To improve I/O efficiency, asyncprocess rendezvous with the put request corresponding to the same hregion, and then send the same hregion put request to the specified hregionserver again. In addition, Asyncprocess also provides a variety of synchronous methods, such as Waituntildone, to facilitate the synchronization of requests in certain scenarios. As with each put and read request, the Hbase:meta table is accessed to find the specified Hregionserver and hregion, which is consistent with the read request and can be referenced in the article's description.

service-Side write requests

When the client sends a write request to the server, the server begins to execute the write request operation. Hregionserver forwards the write request to the specified hregion execution, hregion each operation is processed in the bulk write request unit. The main process is implemented in Hregion.dominibatchmutation, roughly as follows:

    1. Gets the row lock for the specified row in the write request. Because there is no guarantee of consistency between these bulk write requests (only row consistency is guaranteed), each attempt is made to block only the row lock that gets at least one write request, and the other fetched row lock skips the update, waiting for the next iteration to continue trying to get
    2. Update the time stamp for a write request that has obtained a row lock is the current time
    3. Gets the read lock of the hregion Updateslock.
    4. Gets the most recent write sequence number for MVCC (multi-version Concurrency Control), and writes to Memstore with the write request keyvalue data.
    5. Structuring the Wal (Write-ahead Logging) Edit Object
    6. Add the Wal edit object asynchronously to the Hlog and get the TXID number
    7. Release the read lock for Updateslock in step 3rd and the row lock obtained in step 1th
    8. Follow the 6th step txid Sync Hlog
    9. Commit the transaction, move the MVCC read sequence number forward to the 4th step to get the write sequence number
    10. If the above steps fail, roll back the data that has been written to Memstore
    11. If the size of the Memstore cache exceeds the threshold, the Memstore refresh operation for the current hregion is requested.

After the above steps, the write request belongs to the committed transaction, and the subsequent read request can read the data of the write request.
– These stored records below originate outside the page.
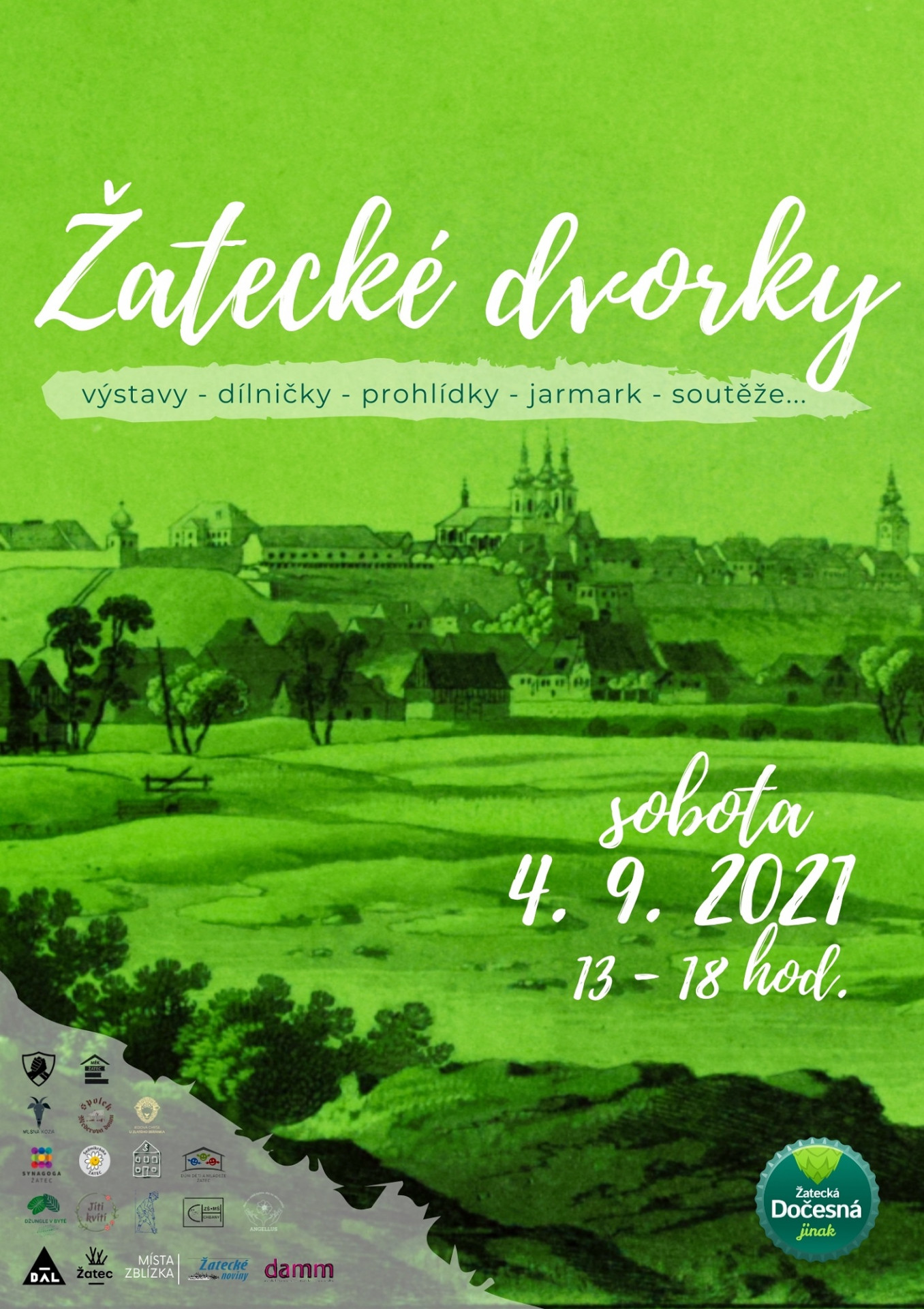 Čtvrtý ročník Žateckých dvorků se odehraje v Žatci v sobotu 4.9.2021. Na tento den připadá i nejvíce akcí z městem podpořeného projektu Žatecká Dočesná jinak. Spolek A dál?, který Žatecké dvorky letos připravil, spojil síly se všemi pořadateli a provede Vás nejen deseti dvorečky a zákoutími, ale i všemi kulturními akcemi, které se v tento den ve městě chmele uskuteční.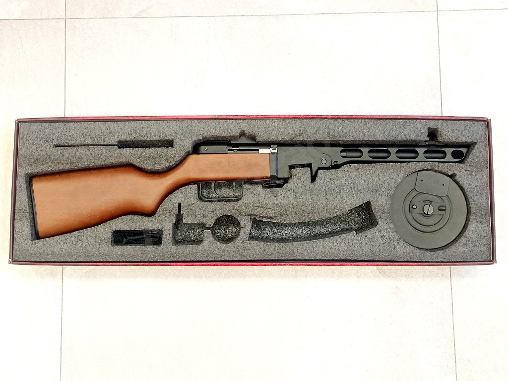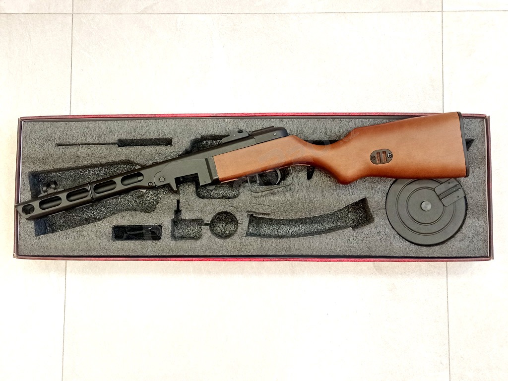 Acest clasic printre armele celui de-al Doilea Război Mondial nu are nevoie de o lungă prezentare. PPSh sau "Spagin" a fost o armă tipică pentru Armata Roșie. Această replică este realizată conform modelului său real în întregime din metal și lemn adevărat. De asemenea, are un blowback electric care mișcă nu numai maneta de armare a culii, ci și fereastra de ejecție a culii atunci când se trage. Pistolul are lemn foarte bine lucrat și un corp ștanțat realist.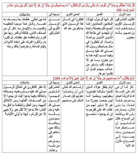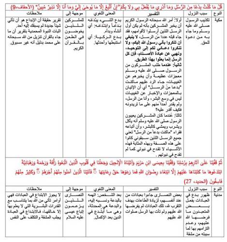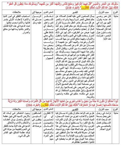 الآية – رقم السورة – نوعها (مكية، مدنية) – تفسيرها- سبب النزول- المعنى اللغوي – موجهة إلى- ملاحظات أخرى، أنظر (ملحق1).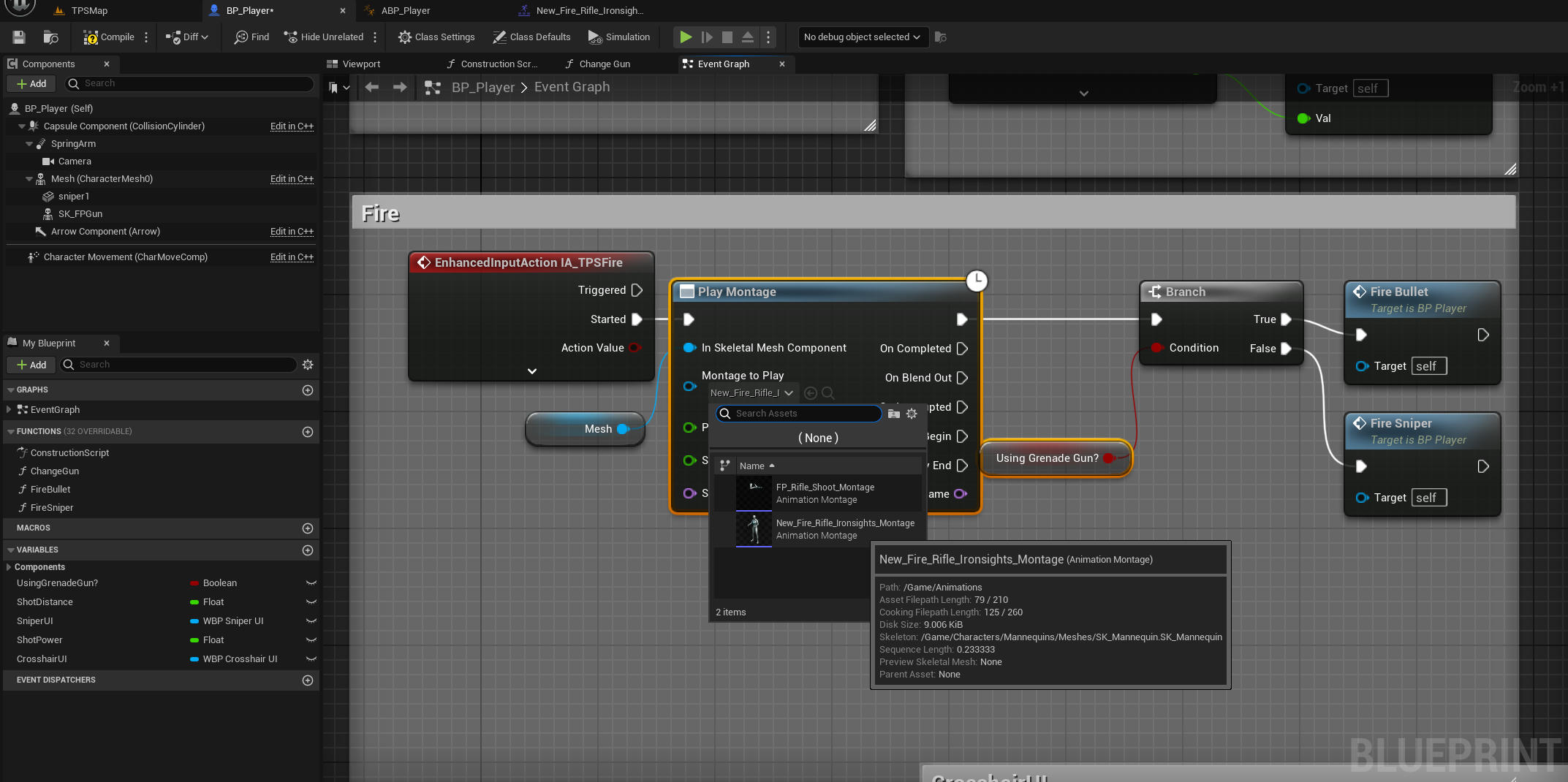 ABP_Player의 EventGraph로 와서, 발사와 관련 있는 노드를 수정한다.

These steps contain the various features of hbase, primarily to ensure the performance of a respectable write request, while also ensuring a row-level transaction acid feature. The following is a detailed analysis of some of the main steps of the specific situation.

Hregion's Updateslock

The updateslock of hregion is obtained in step 3 to prevent a thread conflict between the Memstore and the write request transaction during the flush process.
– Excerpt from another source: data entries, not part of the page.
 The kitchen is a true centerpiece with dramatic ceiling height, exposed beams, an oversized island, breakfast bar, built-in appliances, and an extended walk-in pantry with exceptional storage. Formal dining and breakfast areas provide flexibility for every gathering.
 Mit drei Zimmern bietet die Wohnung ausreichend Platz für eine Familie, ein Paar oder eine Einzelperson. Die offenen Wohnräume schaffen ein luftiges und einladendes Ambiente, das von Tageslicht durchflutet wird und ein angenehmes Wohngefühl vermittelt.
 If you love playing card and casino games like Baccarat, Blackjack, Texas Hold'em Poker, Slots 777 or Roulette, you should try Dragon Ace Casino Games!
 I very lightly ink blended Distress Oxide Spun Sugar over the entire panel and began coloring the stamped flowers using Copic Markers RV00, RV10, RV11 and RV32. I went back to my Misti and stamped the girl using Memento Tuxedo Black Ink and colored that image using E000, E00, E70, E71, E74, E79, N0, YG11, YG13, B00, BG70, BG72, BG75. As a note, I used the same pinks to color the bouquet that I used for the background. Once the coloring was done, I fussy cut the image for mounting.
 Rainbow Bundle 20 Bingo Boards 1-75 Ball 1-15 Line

The first thing to know is the role of Memstore in writing requests. HBase in order to improve read performance, so that the data stored in HDFs must be ordered, so that can use a variety of features, such as binary lookup, improve read performance. However, since HDFS does not support modification, a measure must be taken to turn random writes into sequential writes. Memstore is to solve this problem. Random write data write such as Memstore in memory can be sorted, when the memstore size exceeds the threshold need to flush to HDFs, stored in hfile format, obviously this hfile data is ordered, so that the random write into sequential write. In addition, Memstore is one of the implementations of the LSM (log-structured Merge tree) of HBase.
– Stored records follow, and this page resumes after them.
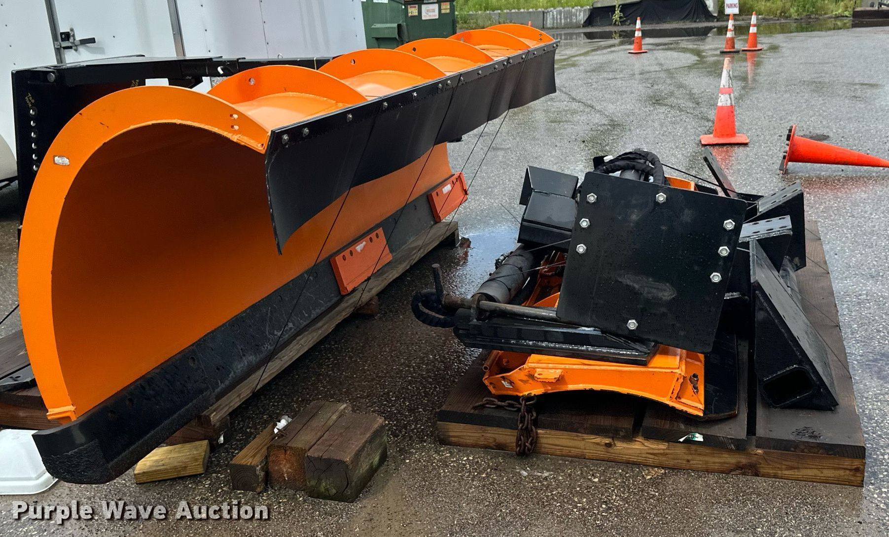 Purple Wave is selling a used Ag Tractor Loader or Attach. in Minnesota. This item is a Monroe snow plow with the following: Plow width: 11', Wing plow: 8', Unused
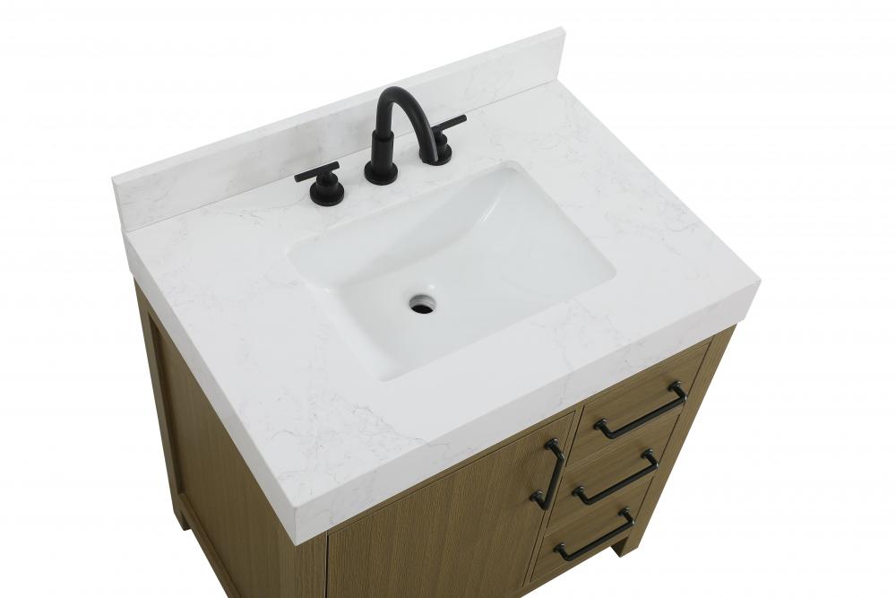 The engineered marble countertop stands out with its bold 4-inch thickness and natural veining, creating a commanding presence in any bathroom.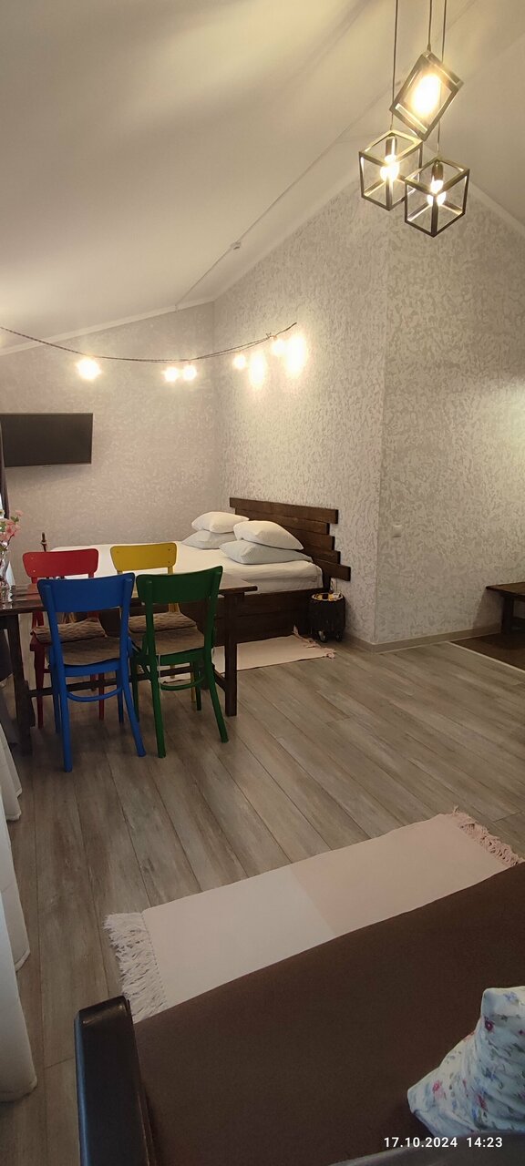 Комфортный, просторный номер, с большой кроватью 2х2, раскладным диваном, огромными окнами, санузел с банными и косметическими принадлежностями, кухня, холодильник, микроволновая печь, сплит-система.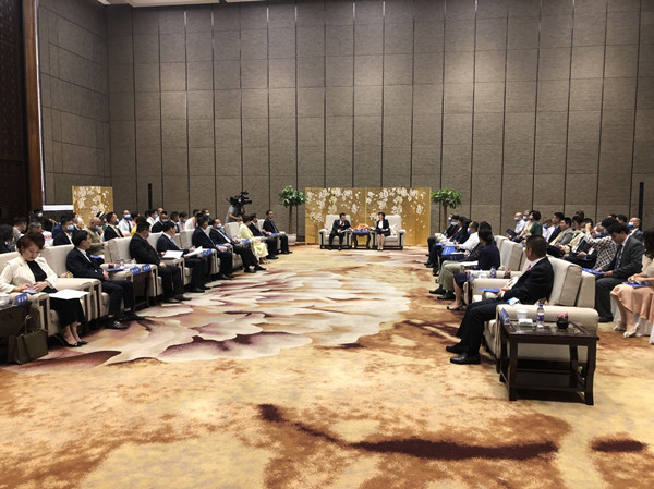 7月25日下午,海南省委常委、统战部部长苗延红在海口会见连小敏及中国侨商联合会代表团一行,并座谈交流。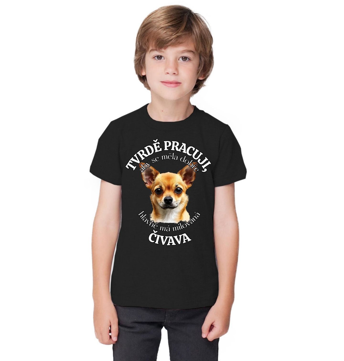 Dětské tričko Tvrdě pracuji, aby se měla dobře má Čivava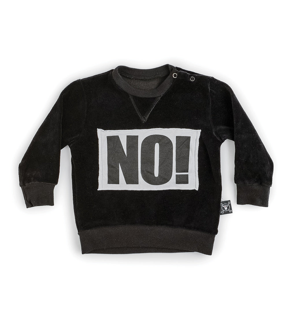 just because all they do is gurgle & yawn & eat & poop, doesn’t mean babies can’t be fancy. this black velvet sweatshirt lets them get their swag on in the comfiest way. it’s nice & soft, with shoulder snaps for easy dressing. style it with a onesie or matching nununu velvet pants, like paris hilton circa 2001. it’s finished with that word every kid falls in love with sooner or later—a white cotton patch screams “no!” nice & big.

When the Memstore is flush, in order to avoid the impact on the read request, Memstore will create snapshot to the current memory data kvset, and empty the Kvset content, read requests in the query KeyValue also query snapshot at the same time, This will not be affected too much. Note, however, that the write request is to write the data into the Kvset, so the lock must be locked to avoid conflicting thread accesses. Because there may be multiple write requests at the same time, the write request obtains the Updateslock Readlock, and snapshot has only one at the same time, so the writelock of Updateslock is obtained.

Get MVCC Write serial number

MVCC is the mechanism by which HBase promotes a concurrency transaction control for read requests while maintaining row-level transactional consistency. MVCC mechanism is not difficult to understand, you can refer to here.

The biggest advantage of MVCC is that read requests and write requests do not block collisions with each other, so read requests generally do not need to be locked (only two write requests that write the same row of data need to be locked), only when the write request is committed, the read request can see the data of the write request, so as to avoid a "dirty read", Transactional consistency is ensured. Specific MVCC implementations can refer to this article of a PMC member in HBase.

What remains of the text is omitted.